Publisher and author Isaiah Thomas noted 200 years ago that it "abounds with typographical errors" and "does not exhibit the appearance of good workmanship. The compositor must have been wholly unacquainted with punctuation."

The inking of the type is uneven, and there are numerous printing mistakes. The top of the left-hand page carries the word "psalm" and a number in Roman numerals, but on the right hand page it appears as "psalme". Inverted commas are used in place of apostrophes.

Paul Needham, the head of Princeton's Schiede Library, says the book probably falls a little below the "pretty mediocre" standard of contemporary printing in London, and that the Gutenberg bible, less rare but printed nearly two centuries earlier in Mainz, is "immensely more beautiful".

The awkwardness of the Bay Psalm Book translations has also drawn criticism.

As the scholars and ministers who devised the book acknowledge in the preface, they "attended conscience rather then elegance, fidelity rather then poetry, in translating the Hebrew words into English language".

John Hoover, former president of the Bibliographical Society of America, says the Bay Psalm Book, which includes some Hebrew letters, reflects the very high level of scholarship in the colony.

The language "has that odd Puritan ring to it - it's an acquired taste".

But he adds that far from counting against it, the Bay Psalm Book's eccentricities of verse and print point to the history that underlies its appeal.

As the first book printed in British colonial America, the volume can be seen as marking the arrival of Western civilisation in what would become the United States.

By 1700 Boston had already overtaken Oxford and Cambridge to become the second most active centre of publishing of English books after London.

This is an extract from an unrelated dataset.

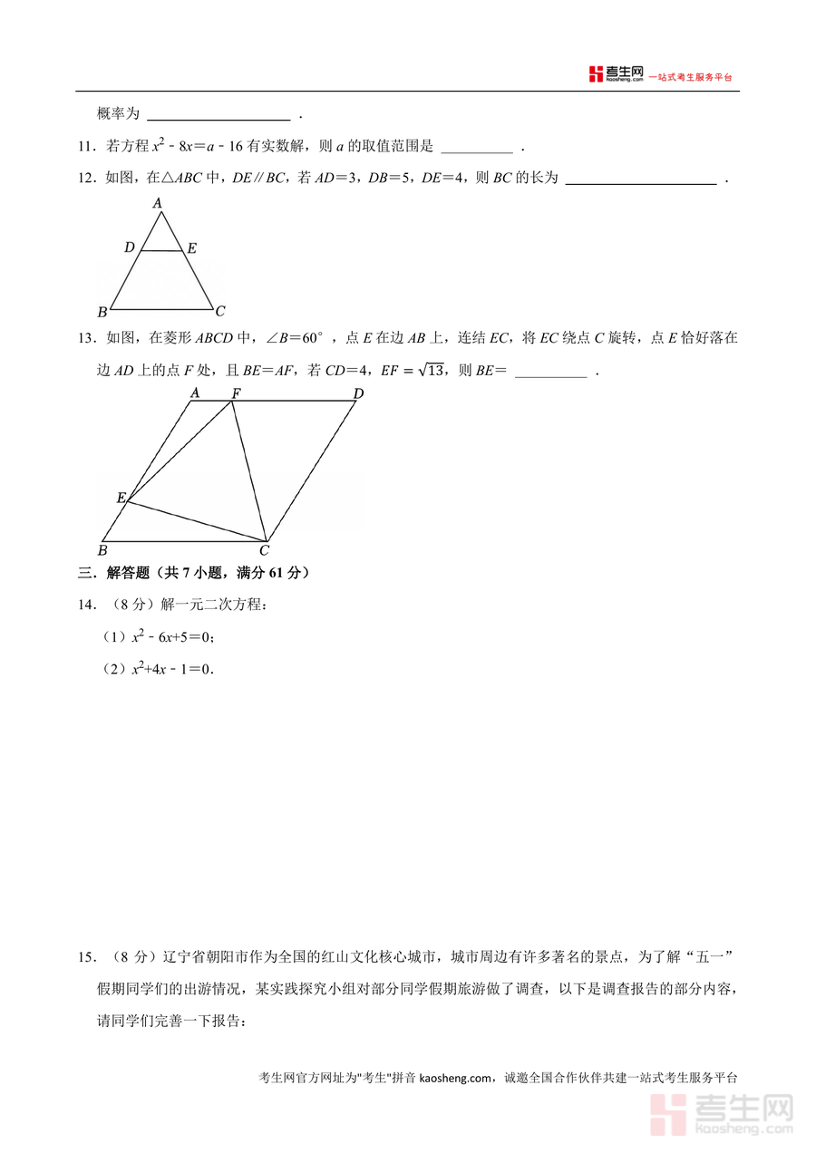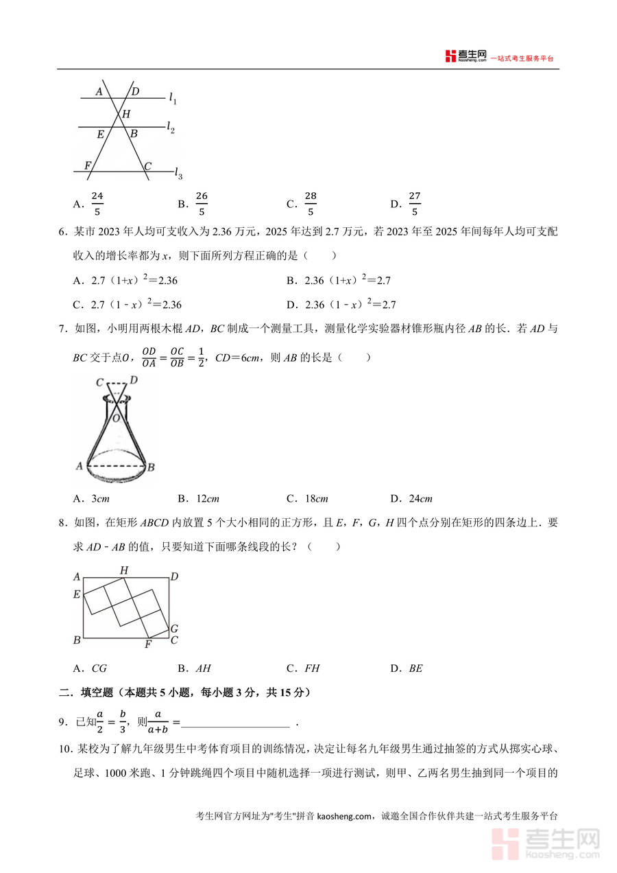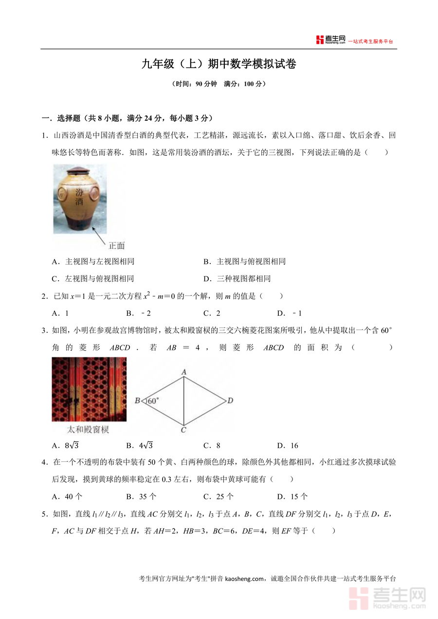 《广东省深圳外国语学校(集团)宝安学校2025-2026学年九年级上学期期中数学模拟试卷.docx》是一份针对九年级上学期期中数学备考的高质量模拟资料。该试卷严格遵循深圳中考数学命题趋势及深外宝安学校教学大纲要求编制,涵盖选择题(8小题)、填空题(5小题)、解答题(7小题)三大题型,内容覆盖三视图、一元二次方程、菱形性质、概率统计、相似三角形等核心考点,且融入生活实际案例(如汾酒坛三视图、童装销售问题)与几何模型(如"一线三等角"模型)等特色内容,兼具基础性与拓展性。

Image caption Old South Church in Boston will retain one of its two Bay Psalm Books

And although the Massachusetts Bay Puritans were not separatists or democrats, their pioneering spirit and quest for freedom can be traced forward to US independence in 1776, and the identity of a new nation.

"It was an act of independence going to Massachusetts and setting up their own society with their own version of Christianity, and I think you can draw a pretty direct line ultimately to the events of 1776," says David Redden, who as head of Sotheby's books department will conduct Tuesday's auction.

"In the past it would simply have been - it's the first book printed in America, and not so much what it contained. But I think now what it contained is also going to be quite important and it may very much influence where the bidding goes."

The Bay Psalm Book's historical significance is keenly felt at the Old South Church, where Founding Father Benjamin Franklin was baptised and meetings that led to the Boston Tea Party were hosted.

That made the decision to part with a copy difficult, but church leaders argued it was necessary to pay for operating costs and the congregation overwhelmingly supported them in a vote.

"The point is that we're not a museum," says Tom Grant, a trustee at the church. "We're about mission and social justice and serving God's people.

"And holding on to a treasure, that is not furthering the mission of the church."